* Exercise directions *
Among the lines below, restate word for word only those from the line with "1030 2 Kurush" through the line with "MUTKAT SVORIKSI -MAKARONILAATIKKO", with both end lines kept.

* The data *
· · ·
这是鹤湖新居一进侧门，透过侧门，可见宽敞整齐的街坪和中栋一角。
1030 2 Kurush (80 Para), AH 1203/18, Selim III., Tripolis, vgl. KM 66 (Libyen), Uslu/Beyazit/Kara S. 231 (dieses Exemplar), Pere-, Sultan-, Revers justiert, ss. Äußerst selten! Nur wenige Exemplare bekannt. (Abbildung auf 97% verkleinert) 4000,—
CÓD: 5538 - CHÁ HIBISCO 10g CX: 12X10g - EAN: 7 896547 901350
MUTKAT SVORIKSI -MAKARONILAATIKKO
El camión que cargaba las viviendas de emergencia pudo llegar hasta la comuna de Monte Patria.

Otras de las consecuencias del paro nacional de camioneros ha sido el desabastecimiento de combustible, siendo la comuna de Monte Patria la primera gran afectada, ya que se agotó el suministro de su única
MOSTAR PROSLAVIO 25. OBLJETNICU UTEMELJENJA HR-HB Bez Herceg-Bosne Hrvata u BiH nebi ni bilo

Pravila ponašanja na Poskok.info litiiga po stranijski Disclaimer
· · ·
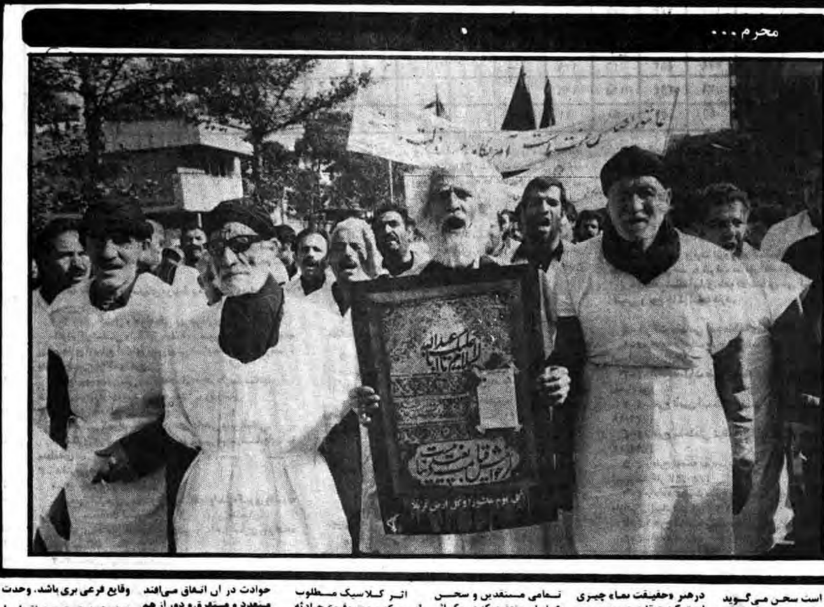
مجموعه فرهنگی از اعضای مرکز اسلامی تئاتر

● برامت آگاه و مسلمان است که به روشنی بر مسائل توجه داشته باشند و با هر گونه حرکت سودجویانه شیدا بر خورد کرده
· · ·
* Result of this task *
1030 2 Kurush (80 Para), AH 1203/18, Selim III., Tripolis, vgl. KM 66 (Libyen), Uslu/Beyazit/Kara S. 231 (dieses Exemplar), Pere-, Sultan-, Revers justiert, ss. Äußerst selten! Nur wenige Exemplare bekannt. (Abbildung auf 97% verkleinert) 4000,—
CÓD: 5538 - CHÁ HIBISCO 10g CX: 12X10g - EAN: 7 896547 901350
MUTKAT SVORIKSI -MAKARONILAATIKKO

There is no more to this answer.